**GIVEN MATERIAL**

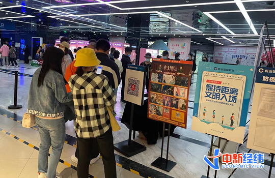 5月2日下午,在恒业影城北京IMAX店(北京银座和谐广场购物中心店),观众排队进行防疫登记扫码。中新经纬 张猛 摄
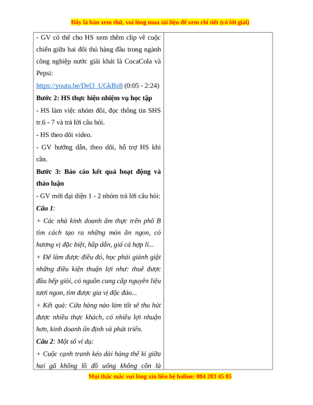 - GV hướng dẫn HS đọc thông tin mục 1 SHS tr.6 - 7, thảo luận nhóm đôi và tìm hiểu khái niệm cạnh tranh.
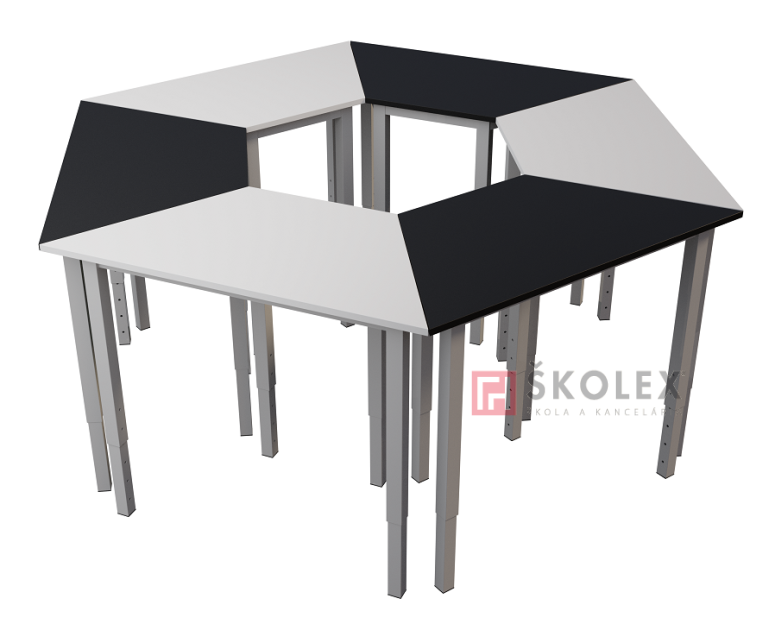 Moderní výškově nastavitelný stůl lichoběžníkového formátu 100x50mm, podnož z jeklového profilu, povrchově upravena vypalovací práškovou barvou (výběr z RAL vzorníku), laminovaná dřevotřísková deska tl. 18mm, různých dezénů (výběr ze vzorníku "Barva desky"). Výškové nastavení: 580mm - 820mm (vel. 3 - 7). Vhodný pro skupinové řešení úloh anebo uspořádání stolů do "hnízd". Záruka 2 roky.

**DIRECTIONS**
Copy all of the listing word for word, minus the images.

**EXERCISE SOLUTION**
 5月2日下午,在恒业影城北京IMAX店(北京银座和谐广场购物中心店),观众排队进行防疫登记扫码。中新经纬 张猛 摄
 - GV hướng dẫn HS đọc thông tin mục 1 SHS tr.6 - 7, thảo luận nhóm đôi và tìm hiểu khái niệm cạnh tranh.
 Moderní výškově nastavitelný stůl lichoběžníkového formátu 100x50mm, podnož z jeklového profilu, povrchově upravena vypalovací práškovou barvou (výběr z RAL vzorníku), laminovaná dřevotřísková deska tl. 18mm, různých dezénů (výběr ze vzorníku "Barva desky"). Výškové nastavení: 580mm - 820mm (vel. 3 - 7). Vhodný pro skupinové řešení úloh anebo uspořádání stolů do "hnízd". Záruka 2 roky.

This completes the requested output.